The judges presiding the Daphne Caruana Galizia inquiry this morning accepted a request by Repubblika to make submissions addressing the inquiry’s terms of reference. The judges said this would be normal if this had been a public inquiry in England and they would be adopting the same approach. The inquiry board invited anyone interested to make their own submissions if they wish.
Repubblika said it believes the Daphne Caruana Galizia inquiry has been exceptional when compared with the response of the State to the killing of Daphne Caruana Galizia. The inquiry has asked difficult questions to witnesses and forced the only form of proper examination of the circumstances in which Daphne Caruana Galizia was assassinated and the causes of the crime, how it was allowed to happen and the failings of the State in dealing properly with the matter after the fact.
Repubblika said it’s submissions:
- show how Joseph Muscat and people within his circle enjoyed and continue to enjoy impunity in spite of mounting evidence that should have led to proper investigations and prosecution for crimes under existing law. The organisation cites examples such as events connected with John Dalli’s return from Brussels, the Pilatus affair, the Panama Papers and others.
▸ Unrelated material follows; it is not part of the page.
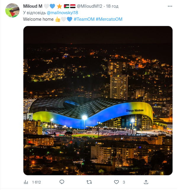 "Ласкаво просимо додому 👍 🤍💙", — написав уболівальник Miloud M, прикріпивши фотографію стадіону Марселя у кольорах українського прапора.

They argue that this level of impunity coupled with police failure to act appropriately after a string of car bombings allowed the perpetrators of their crime to believe they would not be caught.
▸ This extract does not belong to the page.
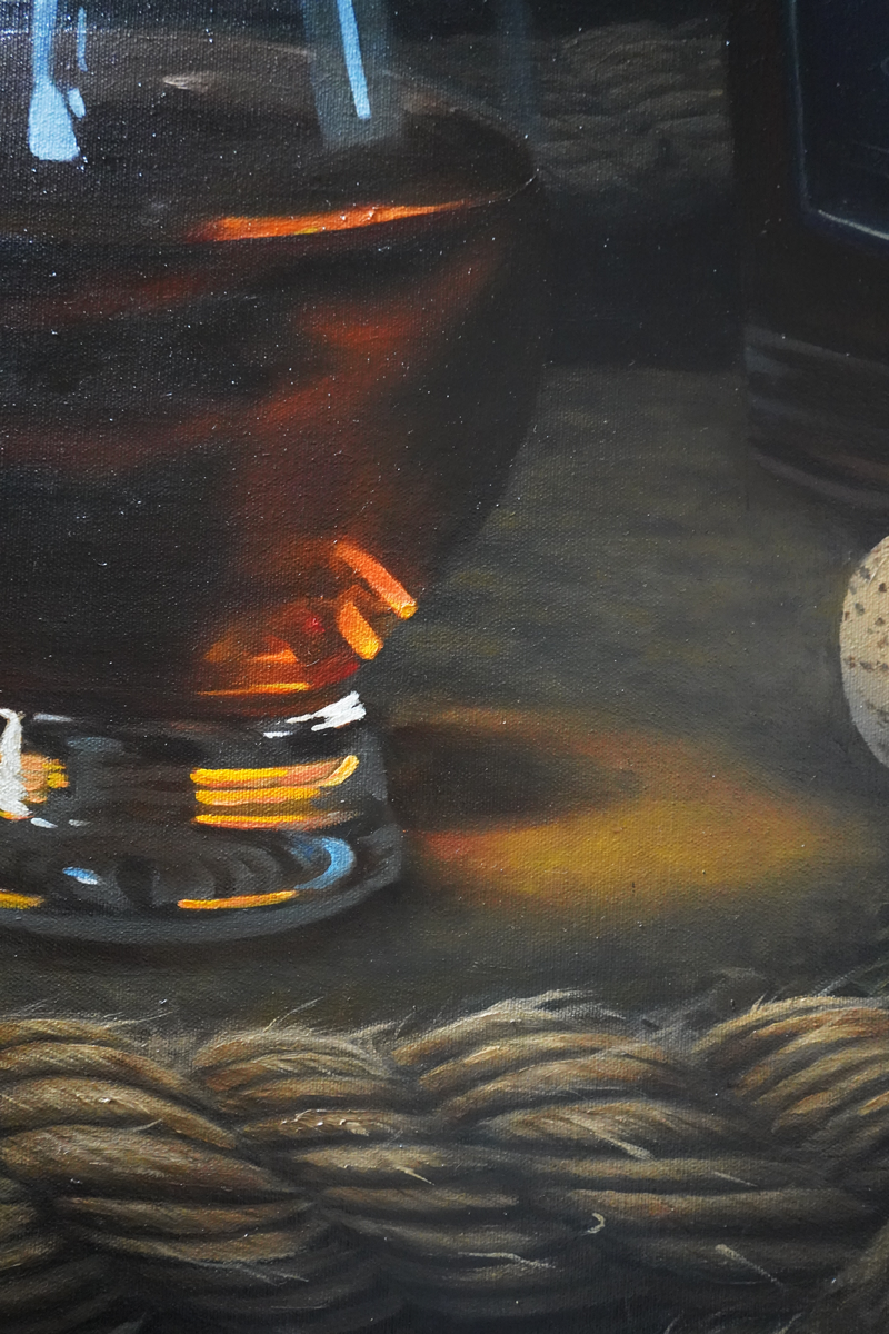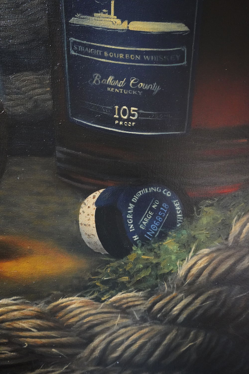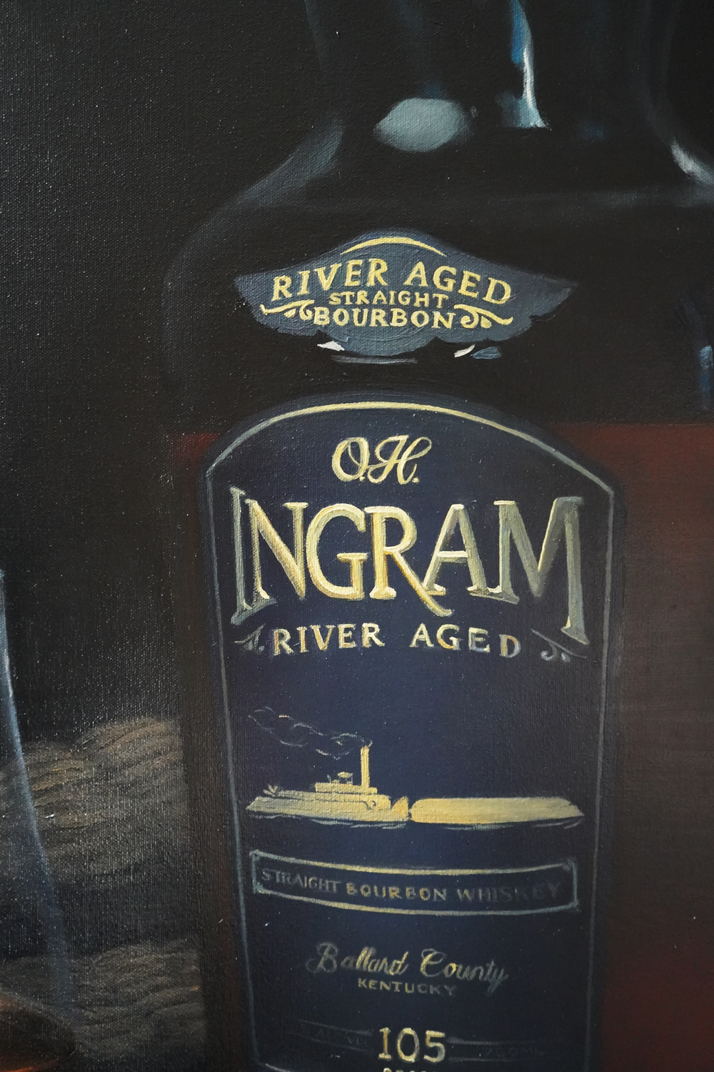 "On the River" Whiskey Still Life Painting, 36" x 48" oil on canvas

- Repubblika shows how Joseph Muscat and his circle led a campaign to dehumanise Daphne Caruana Galizia, frustrating her right to privacy, family and property, ultimately denying her the right to her very life.
- The NGO lists the failures of the State to mitigate the risks to Daphne Caruana Galizia’s life, including the effect of her isolation as a result of slander and vilification on political party media.
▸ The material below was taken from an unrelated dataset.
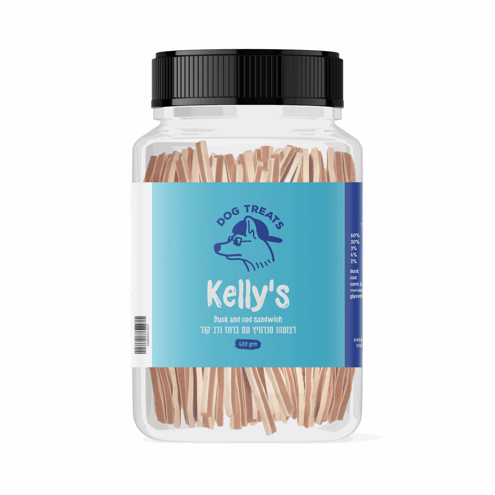 חטיף קליז רצועות סנדוויץ' ברווז ודג קוד (400 גרם) – פינוק טעים ובריא, עשיר בחלבון ואומגה 3 לשמירה על פרווה מבריקה ובריאות כללית.

- They argue that the assassination of Daphne Caruana Galizia should be seen in the context of mafia infiltration in the fabric of Malta’s governance and society which Repubblika contends is dangerously underestimated. The NGO puts forward proposals for the adoption of anti-mafia and anti-racketeering legislation and procedures. They also make recommendations with respect to legislation to address unexplained wealth, abuse of office and other gaps in Malta’s legislative framework.
- They highlight the significance of public inquiries as tools for the growth of Malta’s democracy and as a means to document and learn lessons from administrative mistakes, systemic failings or willful wrongdoing.
- Repubblika’s submissions also include a discussion on how the state continues to fail to provide adequate protection to journalists and other agents of civil society that act independently in government and therefore, wrongly perceived by it as a form of opposition it should seek to suppress.
Repubblika argues in the submissions it filed today that “at the heart of the values we aspire to as a democracy, there should be the service of independent and critical journalism. Children should be taught to appreciate it, expect it and contribute to it as a key component of their formal education. The State must be reminded by a demanding citizenry that it must protect the independence of this democratic pillar from the intrusion, censorship, even violence of those among us who are better served by the suppression of these freedoms.”
Speaking at the inquiry this morning, Repubblika’s president Robert Aquilina recalled that Repubblika was founded by individuals who came together in the wake of the assassination of Daphne Caruana Galizia. The submissions say that Repubblika’s founders “did this because we were angry and dissatisfied with the action of, or failure to act by, the authorities before and after Daphne Caruana Galizia was killed.
“Even as we demand that justice in Daphne Caruana Galizia’s case is served without any further delay, our concerns today are more profound than they were in our shock and anger on the afternoon of 16 October 2017.”